На третьей минуте бега контейнер вновь потяжелел, едва не вырвался из рук, резко пошел в сторону. Лисицын бросил взгляд через плечо. Смирнов лежал на земле, в двух шагах от сержанта, его серо-синяя форма пропитывалась багровой кровью.
Лисицын на мгновение остановился.
– Смирнов, ты чего?
Ответа не последовало. На той стороне улицы мелькнули серые фигурки ооновских солдат. Лисицын бросил контейнер, сорвал со спины АК-101 и дал по противнику короткую очередь. Американцы откликнулись на «приветствие» грохотом выстрелов.

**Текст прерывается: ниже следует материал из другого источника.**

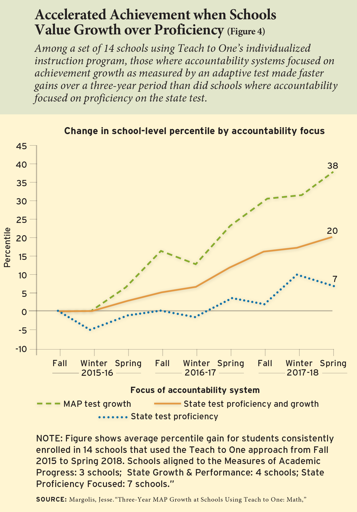 What can happen when schools make a clear choice to prioritize learning growth over grade-level exposure? A 2019 study looking at progress on the Measures of Academic Progress assessment compared the growth of Teach to One students at 14 schools over three years to national averages. It found that Teach to One schools whose accountability systems focused on growth made stronger gains than schools whose accountability systems focused on proficiency (see Figure 4). The study also found suggestive evidence that schools tended to see stronger gains when the math content presented to students matched their tested grade level from the beginning of the year.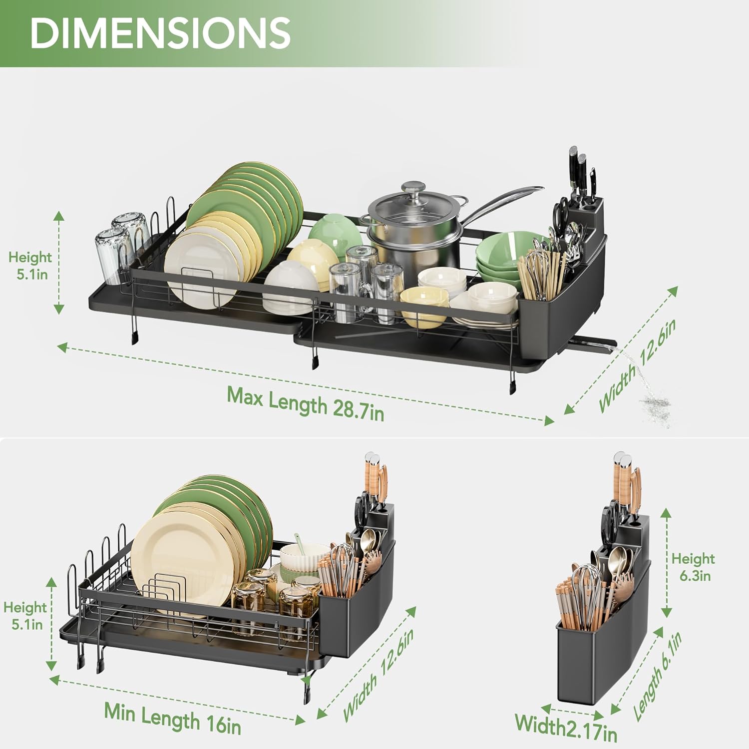 - Expandable Design:ROTTOGOON kitchen dish drying rack with an extendable design can be adjusted to fit different kitchens. It measures 12.6" W *5.1" H, and from 19.2" to 28.7" in length. This dish racks can accommodate plates, bowls, cups, glasses, and even full-sized pots and pans.Therefore, you can just adjust the extendable tray as you need.

В каску сержанта ударил тяжелый объект. В глазах Лисицына потускнело, тело вышло из-под контроля, и стрелок потерял равновесие.
Удар о землю был сильным и крайне болезненным.
В голове сержанта пронеслась хаотичная мысль:
«Знать бы, за что умер?»
Внешний мир потускнел. Зыбкие образы перемешались в коктейль тревожных воспоминаний. Страх и боль собрались в единое целое, порождая калейдоскоп фантасмагорических видений.
Забытье схлынуло внезапно, словно сбежавшая по стеклу дождевая вода.